Им некуда было деваться, ее собрали просто в 5 минут… Но за 3 месяца гастролей дали станцевать, может, всего пять «Лебединых» и, по-моему, ни разу (или очень мало) «Умираю­щего лебедя», потому что «Лебедя» танцевала Уланова. Но тем не менее американцы — они называли ее мадам Пли — впали в сумасшед­шее состояние! И президент Кеннеди ее при­нимал, и все такое… Потом я ее спрашивал: «Кто же шепнул Юроку?» — а она отвечала: «Вот ты знаешь, сколько лет прошло — не знаю, кто это был».

— А какие у нее были отношения с род­ственниками?

— Я одно время лозаннским балетным кон­курсом занимался. Помню, приехал в Лозан­ну зимой, иду по студии Бежара, и навстречу мне Аня Плисецкая, это дочка старшего брата Майи, она тогда у Бежара работала. Я спро­сил, где Азарик, ее дядя, бессменный педа­гог бежаровской труппы уже много лет, а она говорит: «Он сегодня ночью в Москву улетел, у нас умерла бабушка». И я, к сожалению, на похороны Рахиль Михайловны не успел. Но и Майя тоже не ходила ни на похороны матери — ее в Москве не было, ни на похороны горячо любимого старшего брата, отца Ани.

Вообще у нее была очень многочисленная родня со стороны матери — Мессереры, а со стороны Плисецких у нее вся родня жила в Петербурге. Отцовскую родню она очень лю­била. Они были совсем не театральные люди — физики, доктора, кандидаты наук. У нее была там двоюродная сестра Эрочка и еще родная сестра отца — Марина Эммануиловна Левицкая, очаровательная женщина, бывшая артистка Ленконцерта, пела русские роман­сы. А вот со своей родней со стороны матери, я не знаю почему, она была в конфликте. Осо­бенно со своей родной теткой Суламифью. Вы знаете, что… у них были очень похожие с Су­ламифью характеры: обе очень эмоциональ­ные и бешено взрывные. И, наверное, из-за этого у них несовместимость.

— Майя Михайловна, конечно, обожала Родиона Константиновича Щедрина. Если судить по ее воспоминаниям, он был для нее единственный мужчина. И ее послед­ние слова, как стало известно, обращены к нему: «Я тебя обожаю!». Она была такая шикарная женщина, даже в преклонные годы выглядела великолепно. Поклонни­ки…

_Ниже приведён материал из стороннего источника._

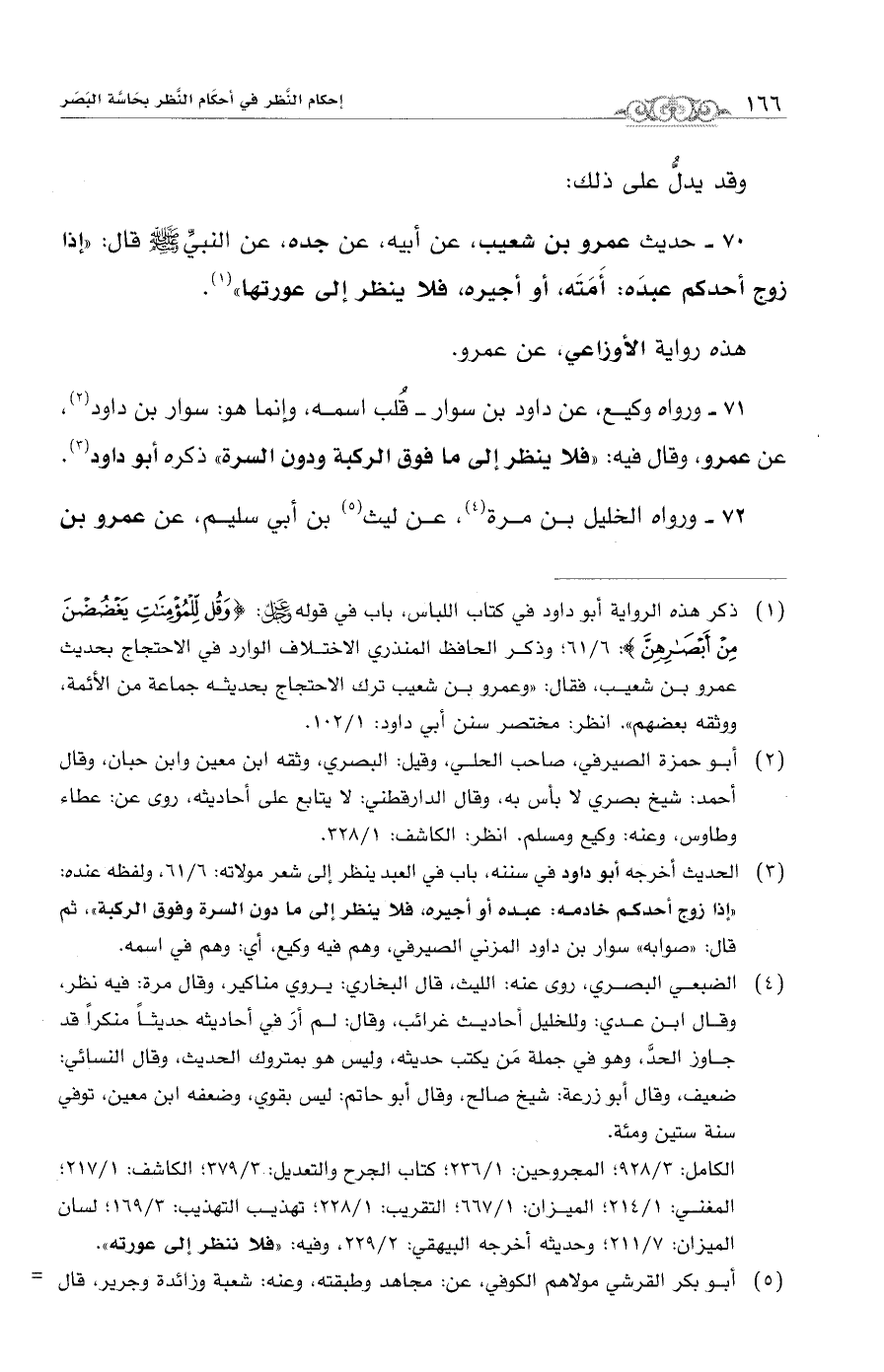 (¬1) ذكر هذه الرواية أبو داود في كتاب اللباس، باب في قوله -عَزَّ وَجَلَّ-: {وَقُلْ لِلْمُؤْمِنَاتِ يَغْضُضْنَ مِنْ أَبْصَارِهِنَّ}: 6/ 61؛ وذكر الحافظ المنذري الإختلاف الوارد في الإحتجاج بحديث عمرو بن شعيب، فقال: "وعمرو بن شعيب ترك الإحتجاج بحديثه جماعة من الأئمة، ووثقه بعضهم". انظر: مختصر سنن أبي داود: 1/ 102.

— И много поклонников, и каких! Например, Роберт Кеннеди, которого вслед за братом Джоном, президентом США, убили. Он был министром юстиции США, сенатором, канди­датом в президенты… и он ухаживал за ней. Даже Жаклин Кеннеди уговаривала Майю остаться в США. А у Майи там как раз были гастроли. Был траурный митинг, ему посвя­щенный, на котором она единственный раз в жизни без всяких аплодисментов танцевала «Умирающего лебедя». На скрипке аккомпа­нировал знаменитый Исаак Стерн — он входит в пятерку самых знаменитых скрипачей мира. Потом был такой суперпопулярный тогда ак­тер Уоррен Битти, голливудская звезда, играл в фильме «Бонни и Клайд». Он за ней ездил просто по всей Америке.

— Как складывались ее отношения с вла­стью?

— Надо сказать, что министр культуры Фур­цева ее любила и очень помогала. Когда Майе присуждали Ленинскую премию, два известных тогда деятеля культуры были про­тив нее категорически, но Екатерина Алексе­евна сумела сделать так, чтобы возобладало противоположное мнение. Вообще они очень дружили, даже встречали вместе Новый год. Более того, Екатерина Алексеевна нас, всех ее поклонников, знала в лицо.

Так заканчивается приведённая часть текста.